1) Information disclosure (CVE-ID: CVE-2017-16651)
CWE-ID: CWE-200 - Exposure of sensitive information to an unauthorized actor
CVSSv4: CVSS:4.0/AV:N/AC:L/AT:N/PR:L/UI:N/VC:H/VI:N/VA:N/SC:N/SI:N/SA:N/E:A/U:Green
The vulnerability allows a remote authenticated attacker to obtain potentially sensitive information on the target system.

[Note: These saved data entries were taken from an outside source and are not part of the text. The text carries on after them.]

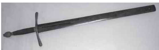
Dievo malonėje žengiame visi amžinybėn, kai aš kalaviją AVF THV. Todėl tyras aš nuo nuodėmės prieš amžiną gyvenimą (užrašas vokiečių kalba) Skuodo budelio kalavijo (1525 m.) kopija, saugoma Skuodo muziejuje.

padariau savo amžiuje: pamūrijau bažnyčią ir perleidau vyskupo aplankymą. Dabar galiu drąsiai pasakyti, kad bet kuris klebonas yra dauggalis, nes, teturėdamas kišenėje 18 rublių, pradėjau fabriką ir pabaigiau.“ 12
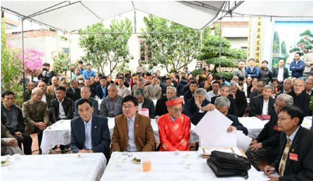
HDDH Vũ - Võ huyện Gia Bình tổ chức Hội nghị tổng kết hoạt động dòng họ năm 2023, phương hướng hoạt động năm 2024

Phó Chủ tịch TT HDDH Vũ - Võ huyện Gia Bình
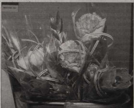
Z okazji Dnia Kobiet przygotowaliśmy dla pań goździki i tulipany.
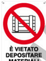
È VIETATO DEPOSITARE MATERIALI DAVANTI AGLI IDRANTI
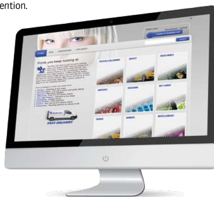
Solution de Web to Print StoreFront

L'interface utilisateur d'Asanti fonctionne avec une visualisation poussée de la mise en forme des visuels et de leurs positionnements : les opérateurs peuvent ainsi voir très précisément ce qu'ils impriment. L'interface graphique propose un accès direct aux paramètres d'impression clés pour s'assurer que tout changement de dernière minute soit rapide et facile à appliquer. La préparation des tâches a lieu indépendamment des opérations de l'Anapurna, grâce à l'infrastructure client-serveur. Cela complète à la perfection le mode autonome de la machine, permettant aux opérateurs de ne pas être contraints de rester près de la machine, lorsque d'autres tâches ou obligations exigent leur attention.
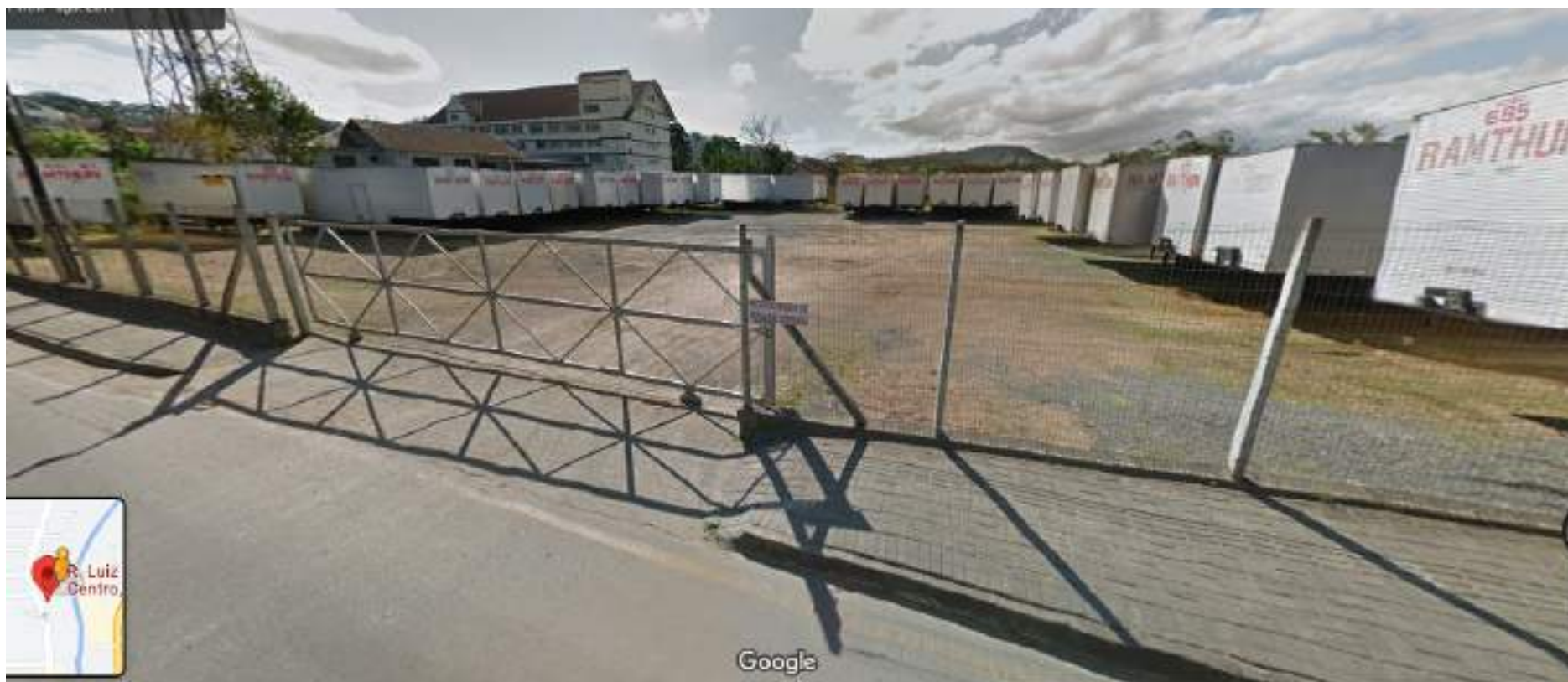
RUA ARTHUR REINERT fundos da RUA LUIZ ABRY, 522, CENTRO, POMERODE - SC (fundos da M2LOG S/A LOGISTICA E TRANSPORTES e da empresa RAMTHUN - COMERCIO E LOCACAO DE BENS )
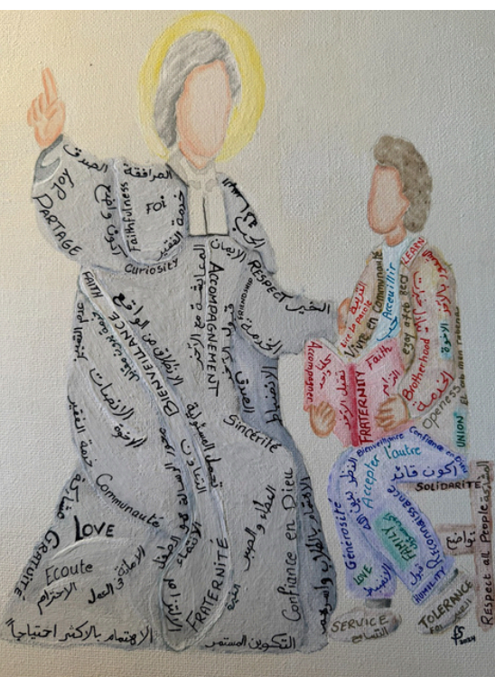
Souvenons-nous que nous sommes en la Sainte Présence de Dieu

Je conclue en affirmant que si j'ai prononcé aujourd'hui mon "OUI" au Seigneur, c'est grâce à vous tous. Je vous suis reconnaissant de donner du sens et de la valeur à ma vie. Priez pour moi !Vive Jésus dans nos cœurs, à jamais."
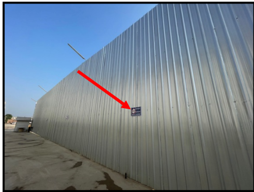
รูปที่ 2-11 ป้ายรณรงค์ให้ดับเครื่องยนต์ขณะไม่ใช้งาน
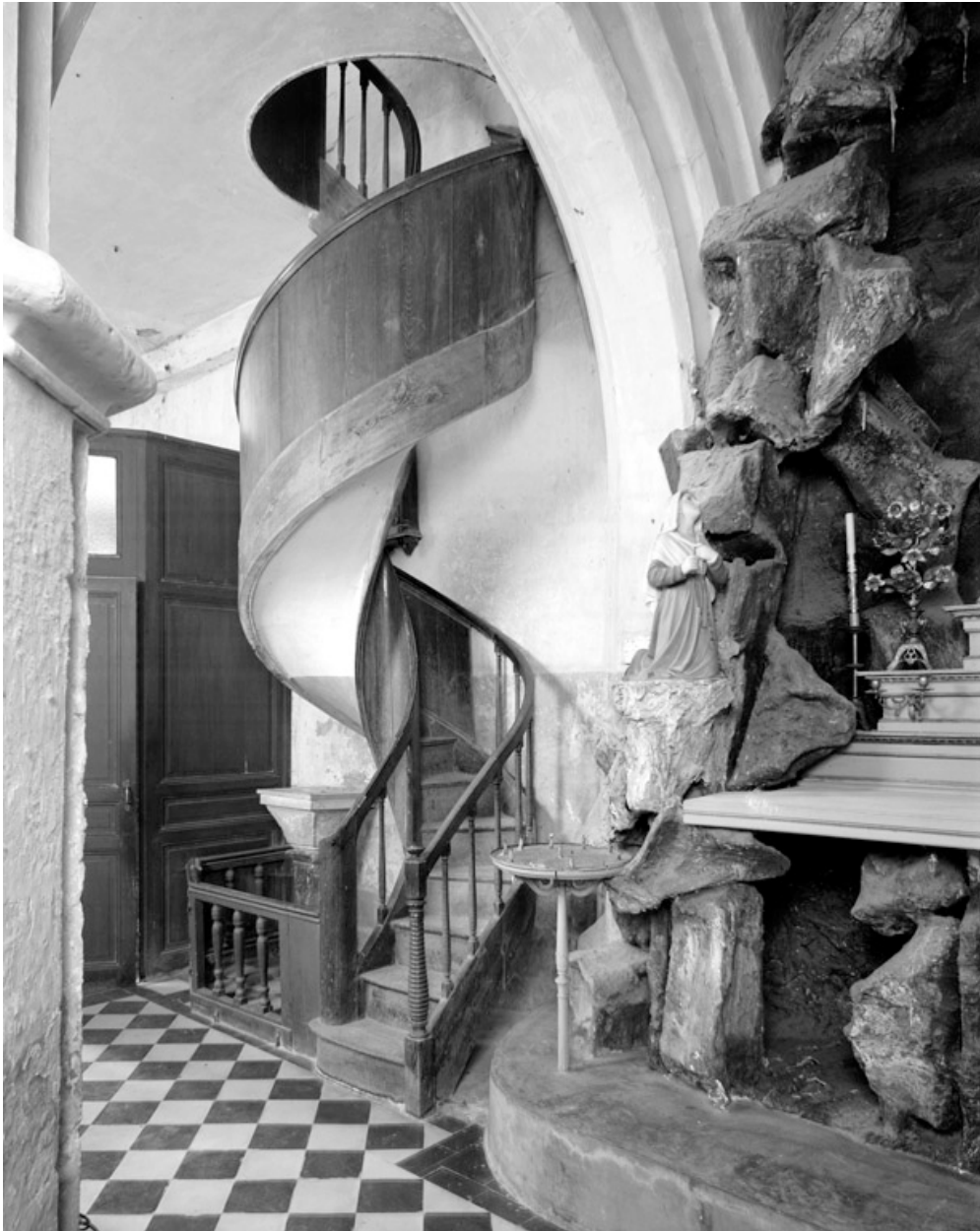
Escalier en colimaçon montant à la tribune, depuis la nef.
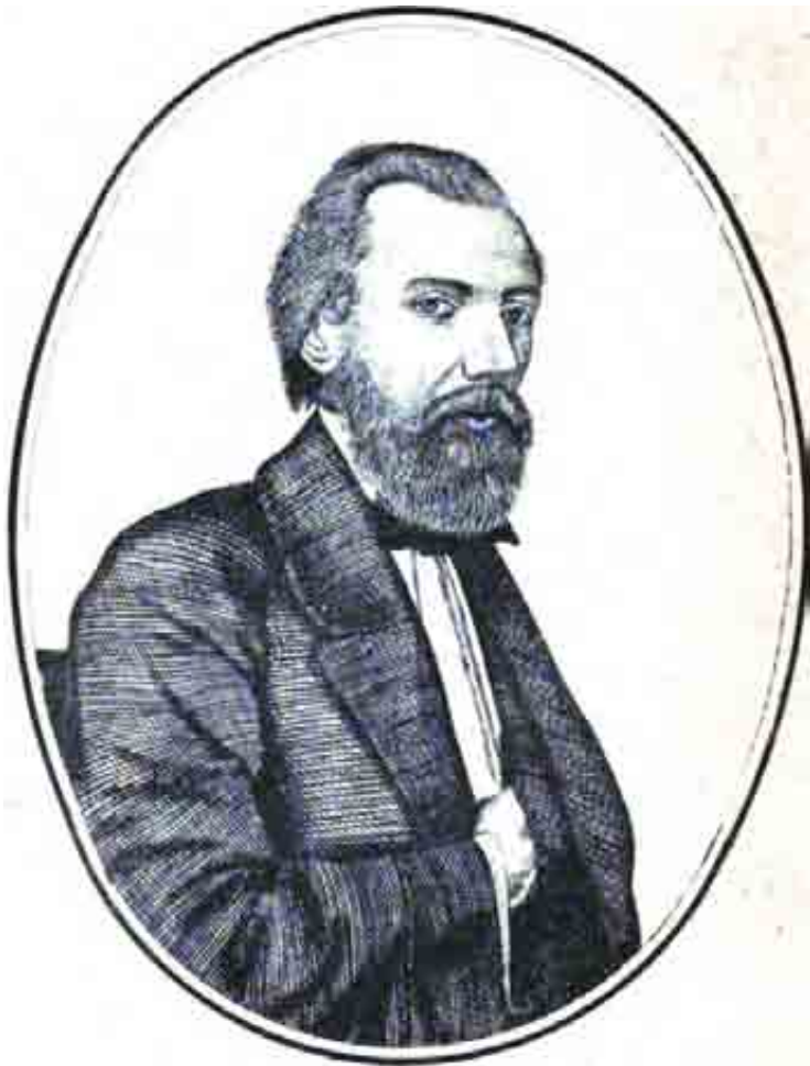
Иванъ Саввичъ Никитинъ.
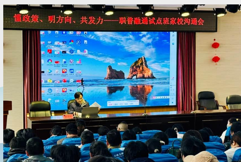
图 5 安徽省徽州师范学校职普融通班试点家长宣讲会

试点至今，学生既能巩固文化基础，又能接触专业技能，成长方向更清晰。学校也在实践中积累了职普课程融合、跨校协同办学的经验，为中职学校参与职普融通改革提供了可行样本。
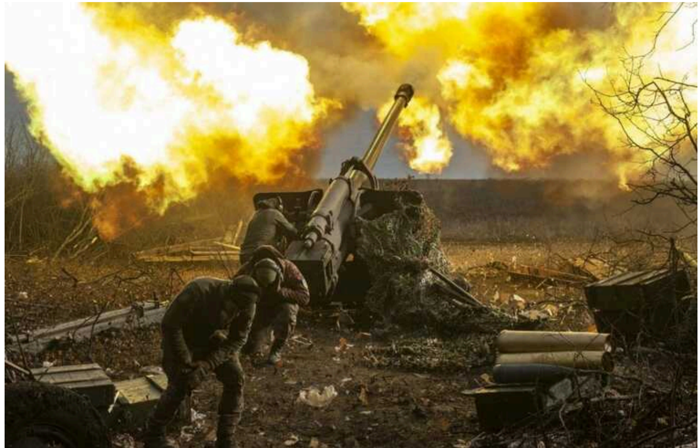
Наступні 5-8 місяців можуть стати вирішальними у війні в Україні – The Economist

Протягом найближчих кількох місяців, російська окупаційна армія може посилити свій наступ. Водночас Україна зіткнулася з проблемами зі зброєю, мобілізацією та будівництвом оборонних споруд.
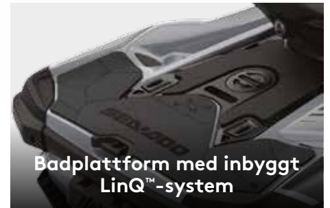
Badplattform med inbyggt LinQ ™ -system

Med branschens första tillverkarinstallerade och helt vattentäta Bluetooth † -ljudsystem.
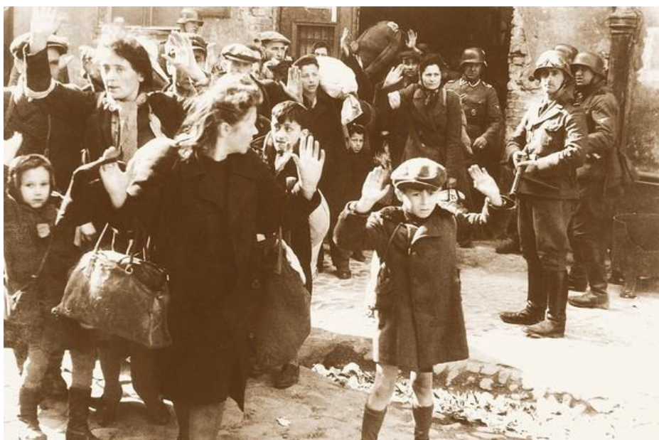
Judeus sendo presos por nazistas

No entanto, as principais vítimas da intolerância nazista foram os judeus. Elevando o já existente antisemitismo 3 a níveis nunca antes experimentados, o Estado alemão implantou um eficiente e desumano sistema de perseguição, exploração e morte de populações judaicas. Com um pouco mais de uma década de existência, o governo de Hitler foi responsável por um dos
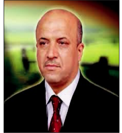
تحقيق / علي صحن عبدالعزیز

صفاء الدين البلداوي : مجتمعنا العراقي تعرض لهزات قاتلة ومتعاقبة منها الجريمة بكل أنواعها .
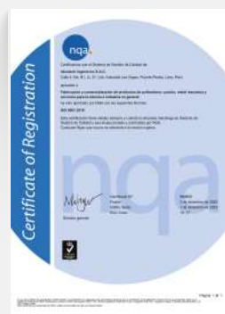
CERTIFICACIÓN ISO 9001 : 2015
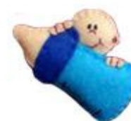
Broche batismo de Ainhoa Todoamano
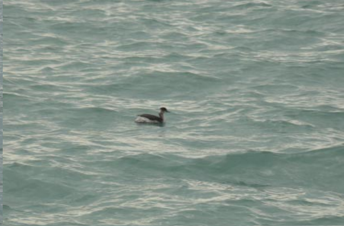
Geoorde fuut, Podiceps nigricollis .
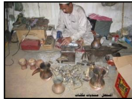
شكل رقم (6) حرفة الحدادة https://cutt.us/No8an

والحديث لا ينتهي عن الحرف والصناعات التراثية في الأحساء فهناك العديد من الصناعات والحرف الشعبية المهمة والمستمدة من الإرث الحضاري والبيئي، ونتيجة لهذا الزخم التراثي والثقافي فلقد امتلكت الأحساء عضوية في شبكة المدن الإبداعية بمنظمة اليونسكو فيما يخص المجال الإبداعي الخاص بالحرف اليدوية والفنون الشعبية منذ عام 2015، وهي ثالث المدن العربية انضماماً للقائمة وأولها خليجياً، وهذا الاختيار كان نتيجة اهتمام الأحساء بمجال الحرف اليدوية والفنون الشعبية واعتبارها عاملاً استراتيجياً نحو تحقيق تنمية مستدامة في المجالات الاقتصادية والاجتماعية والثقافية والبيئية.
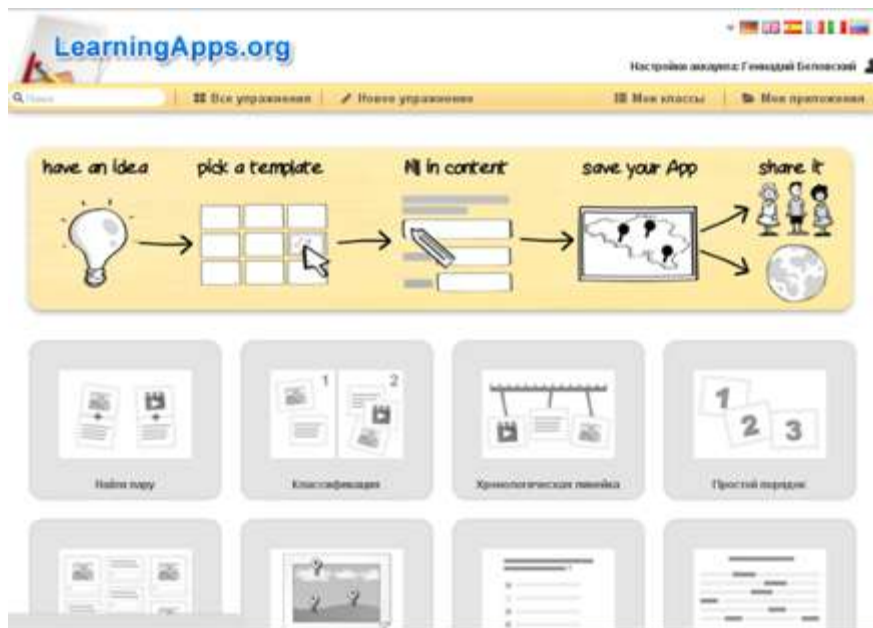
Рис. 3. Выбор нового упражнения
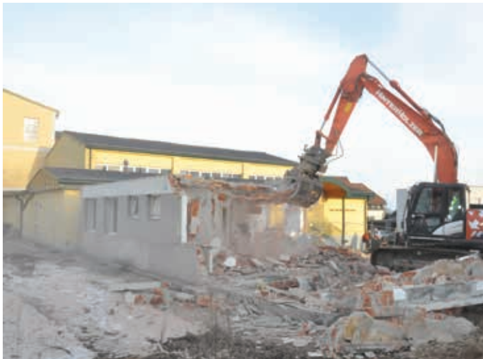
Abbrucharbeiten beim Lehrerhaus
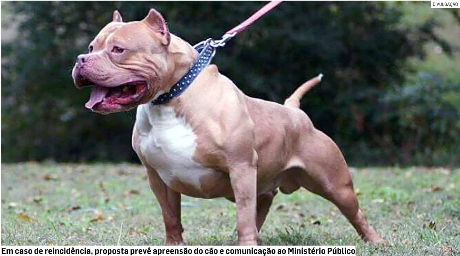
Em caso de reincidência, proposta prevê apreensão do cão e comunicação ao Ministério Público

De acordo com o texto, a circulação desses animais em ruas, praças, parques, jardins e áreas de lazer só será permitida com o uso simultâneo de guia curta, enforcador e focinheira, conduzidos por maiores de 18 anos, com condições físicas e mentais para controlar o cão. Além disso, os tutores
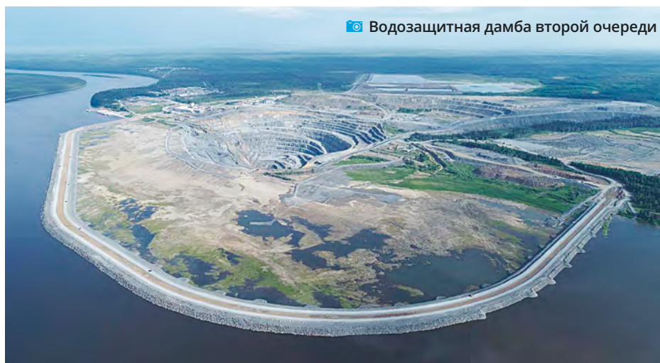
Водозащитная дамба второй очереди

руслу Ангары идут теплоходы с баржами и плотами. В районе Горевского месторождения судовый ход расширен до 150 метров при нормативах в 50 метров. Выполнен отвод ручья Горевского, так как место его впадения в Ангару приходилось на карьер второй очереди. В настоящее время жители старого поселка Новоангарска полностью переселены, поэтому влияния на населенный пункт дамба не окажет. Так что, Новоангарск остается «Горевкой» только для старшего поколения.
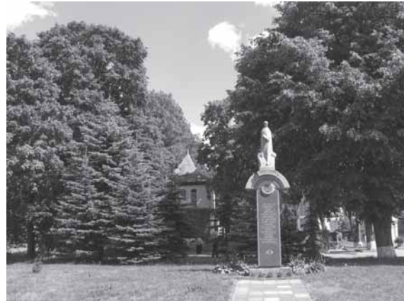
Simono Daukanto klėtėlė (Kalvių k., Lenkimų sen., Skuodo r.) ir paminklas Simonui Daukantuio Lenkimuose (skulptorius R. Midvikis, architektas – A. Skiezgelas, 1993 m.).
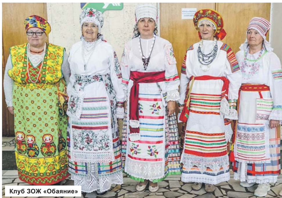
Клуб ЗОЖ «Обаяние»
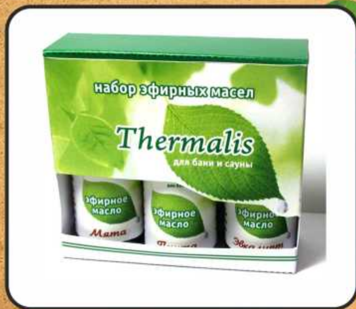
Набор №1 Мята, Эвкалипт, Пихта
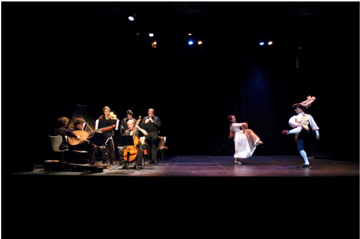
ENSEMBLE DIATESSARON, Instrumentos Antiguos
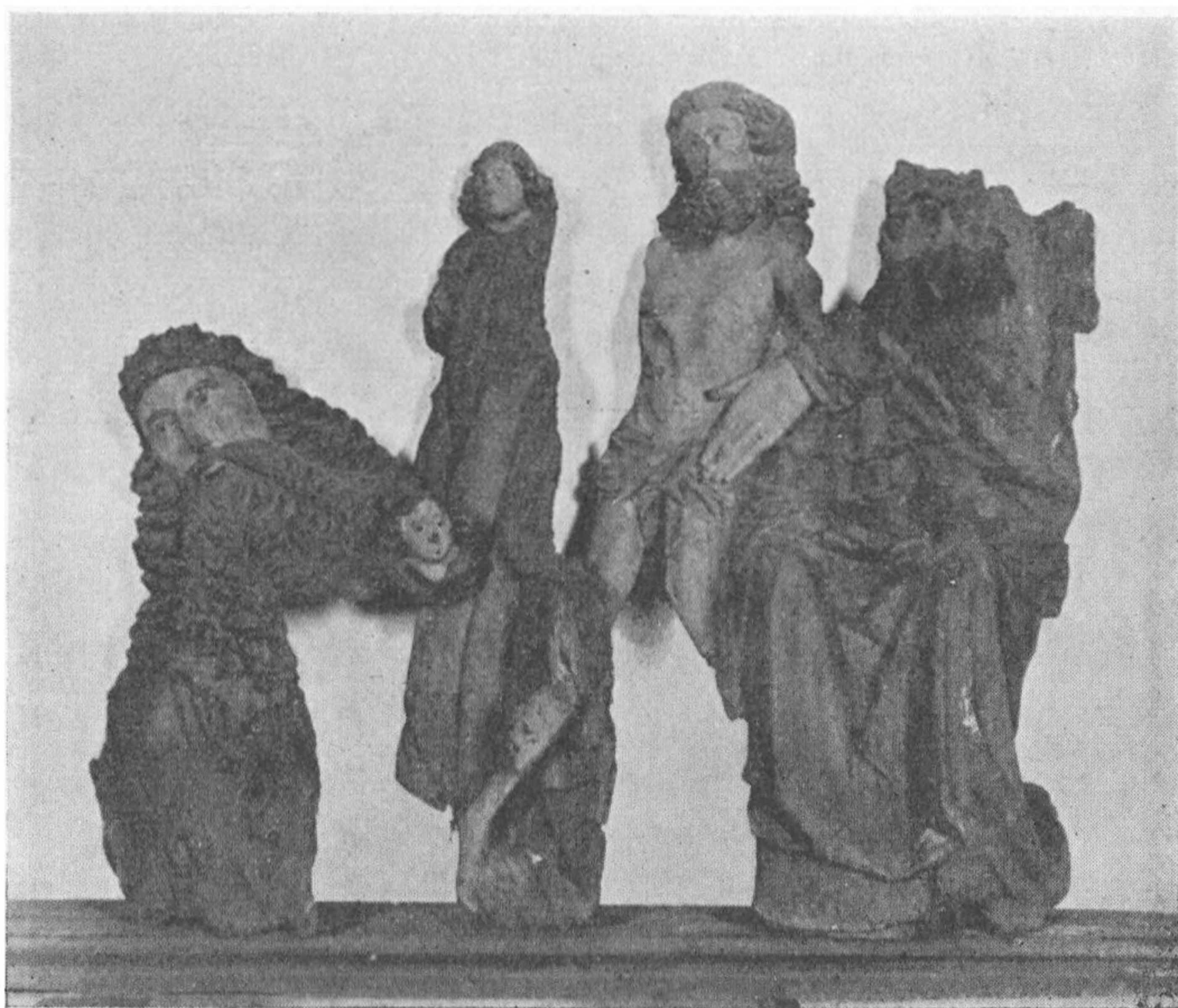
„Den gamle og den unge Gud“.

denne Tid gjort meget for Kirkens ydre og indre Udsmykning. Taarn og Vaabenhuis kom til, og indvendig prydedes Væggene med brogede Kalkmalerier. Løjnefaldende straks man træder ind, er et stort Krucifiks under Korbuen, og ved Siden af dette to mindre
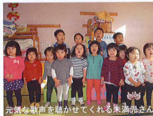
元気な歌声を聴かせてくれる未満児さん

The weakness exists due to insufficient validation of file-based attachment plugins and _task=settings&_action=upload-display&_from=timezone requests. A remote attacker can modify the login form and submit it with valid credentials (username/password) of an email account, send a specially crafted HTTP request and gain unauthorized access to arbitrary files on the host's filesystem, including configuration files of Roundcube.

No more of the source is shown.